** ASSIGNMENT **
Copy each line below as it stands, but skip any picture it contains.

** SOURCE MATERIAL **

##############################

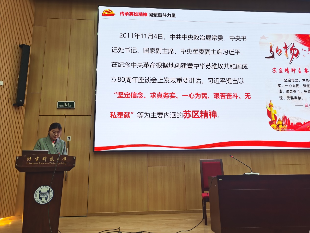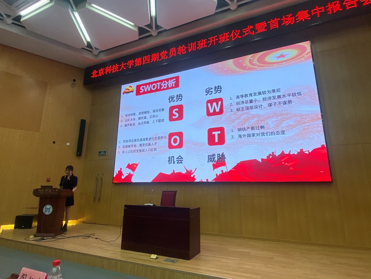 接着,公司党史宣讲团于越、李钰葳进行主题报告。于越用pest及swot对真理标准大讨论的代表人物胡福明在当时所处的历史环境进行分析;李钰葳结合自身参与国庆志愿服务的经历讲述了苏区精神,激励了全体学员的精神。
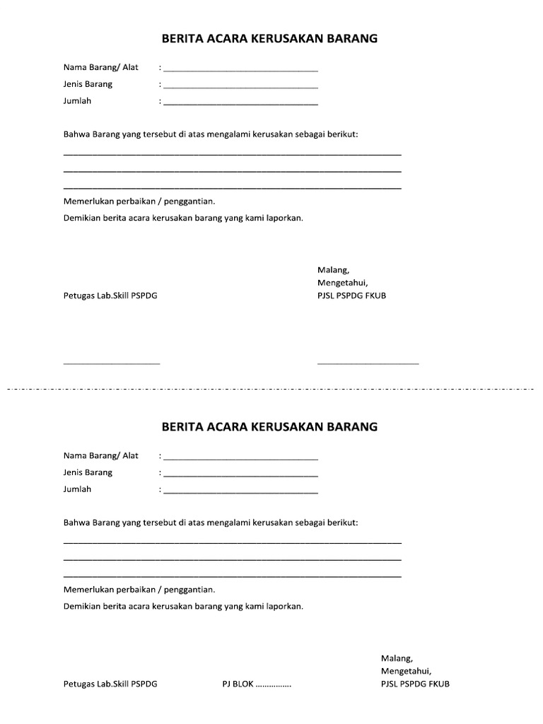 Contoh Berita Acara Kerusakan Barang. Lampiran 1 satu lembar Perihal Pemeriksaan Kerusakan kapal dan Kepada Pemeriksaan Persiapan dock kapal Yth. Misalnya ada surat berita acara kegiatan surat berita acara kehilangan atau bisa juga surat berita acara serah terima barang.
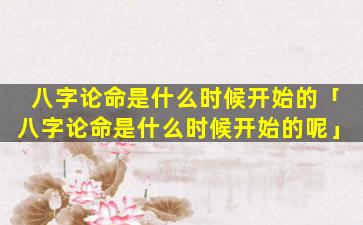 2、八字论命是 🐯 什么时候开始的呢

##############################

** RESULT OF THIS EXERCISE **
 接着,公司党史宣讲团于越、李钰葳进行主题报告。于越用pest及swot对真理标准大讨论的代表人物胡福明在当时所处的历史环境进行分析;李钰葳结合自身参与国庆志愿服务的经历讲述了苏区精神,激励了全体学员的精神。
 Contoh Berita Acara Kerusakan Barang. Lampiran 1 satu lembar Perihal Pemeriksaan Kerusakan kapal dan Kepada Pemeriksaan Persiapan dock kapal Yth. Misalnya ada surat berita acara kegiatan surat berita acara kehilangan atau bisa juga surat berita acara serah terima barang.
 2、八字论命是 🐯 什么时候开始的呢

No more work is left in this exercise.